我本無意窺探,但裏麵露出的一角墨綠色絲絨盒子卻刺痛了我的眼睛。
那是一枚高定限量版的珠寶胸針。
上個月,盛星挽升職。
聞景尋告訴我,她一直很想要某高定品牌的一款限量版胸針。
我跑了三家門店,找了無數代購,都沒買到。
聞景尋當時安慰我說:"沒關係,心意到了就行,星挽不會怪你的。"
原來,不是買不到。
是他早就托人訂好了,直接寄到了盛星挽手裏。
他讓我去當那個買不到禮物的笨蛋,來襯托他的無所不能和神通廣大。
門鎖轉動的聲音響起。
盛星挽提著幾個購物袋走進來,心情似乎不錯。
看到我站在書桌旁,她愣了一下,隨即目光落在我腳邊的幾個大垃圾袋上。
"你收拾這麼多東西幹什麼?要出差?"
"整理一下不穿的衣服。
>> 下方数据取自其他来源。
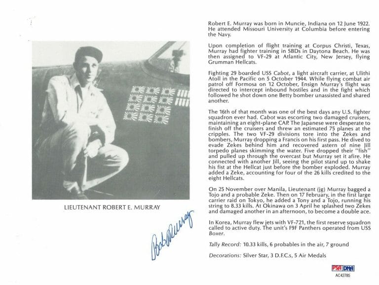 ROBERT MURRAY SIGNED 8X10 (D) PSA DNA AC42785 WWII ACE 10.33 KILLS COLLECTIBLE MEMORABILIA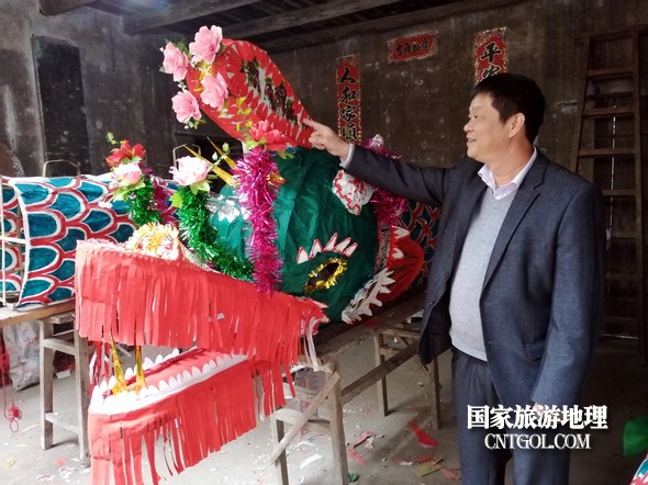 傳統(tǒng)文化藝人鄒道德老師準備去接“龍”。鄒善水 攝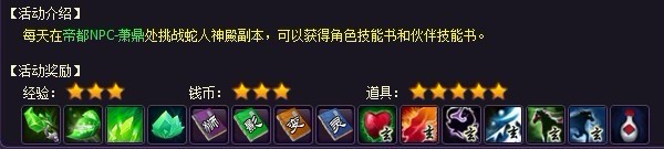 蛇人神殿副本是美杜莎女王的神殿。美杜莎女王手下有魅蛇部落,墨蛇部落,炎蛇部落,花蛇部落四大部落。击杀副本中的四大部落首领月媚、墨巴斯、炎刺、花蛇王和美杜莎女王之后,可以获得丰厚的道具奖励!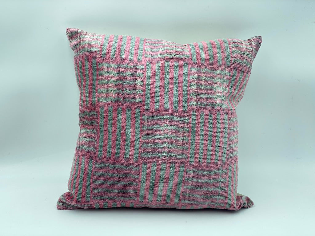 Velvet Silk IKAT Cotton Back 40x40 CM Cushion Cover -Pink Gray

"我把那個快遞盒推回原位。
她走過來,看了一眼那個盒子,眼神閃躲了一下,很快用身體擋住了。
"晚上孟晚棠的畫展開幕酒會,你準備一下,跟我一起去。"
孟晚棠是她的大學同學,也是圈子裏有名的青年畫家。
以前這種場合,她很少帶我去。
因為我不懂藝術,融不進她們的圈子。
"我不去。"我拒絕道。
"別鬧了,晚棠特意囑咐讓我帶家屬。"
她從購物袋裏拿出一個精致的紙盒,扔在床上。
"這是景尋剛才順便幫你挑的西裝,說很適合今晚的主題。你趕緊換上,別磨蹭。"
順便幫我挑的。
我看著那個印著某快消品牌logo的紙盒。
盛星挽自己的禮服,是手工定製的。
她送給聞景尋的禮物,是百達翡麗的腕表。
而她給我買的出席重要晚宴的西裝,是聞景尋"順便"挑的快消打折款。
"我說了我不去。"我重複了一遍。
盛星挽的耐心瞬間耗盡。
"賀川柏,你到底有完沒完?我為了哄你,專門去給你買了衣服,你還要甩臉色給誰看?"
她上前一步,用力攥住我的右手手腕。
"你今天去也得去,不去也得去!別讓我朋友覺得我連個男人都管教不好。"
她抓的地方,正好是我三天前被倒塌的書架劃傷、剛縫完針的位置。
劇烈的疼痛瞬間順著神經蔓延開來。
我疼得倒吸了一口涼氣,額頭上滲出冷汗。
"放手......疼。"
她不僅沒鬆手,反而更加用力地捏緊。
"疼?你裝什麼裝?以前讓你搬那麼多快遞上樓你怎麼不喊疼?"
"盛星挽!我手腕有傷!"我咬著牙,聲音打顫。
她愣了一下,這才低下頭。
隔著薄薄的長袖襯衫,殷紅的血跡已經滲透出來,暈染成一塊硬幣大小的紅斑。
她猛地鬆開手,眼神有一瞬間的慌亂。
"你......你手怎麼弄的?"
我捂著手腕,看著這個我愛了四年的女人。
三天前,書架倒下來的那一刻,她明明在場。
但她眼裏隻有被灰塵嗆得咳嗽的聞景尋。
她根本沒看到被鐵釘劃開皮肉的我。
"不小心劃的。"
我轉過身,從抽屜裏拿出備用的紗布。
"我去換衣服。"
我妥協了。
不是因為怕她。
而是因為,我突然很想看看。
今晚的這場酒會上,聞景尋還會給我準備什麼驚喜。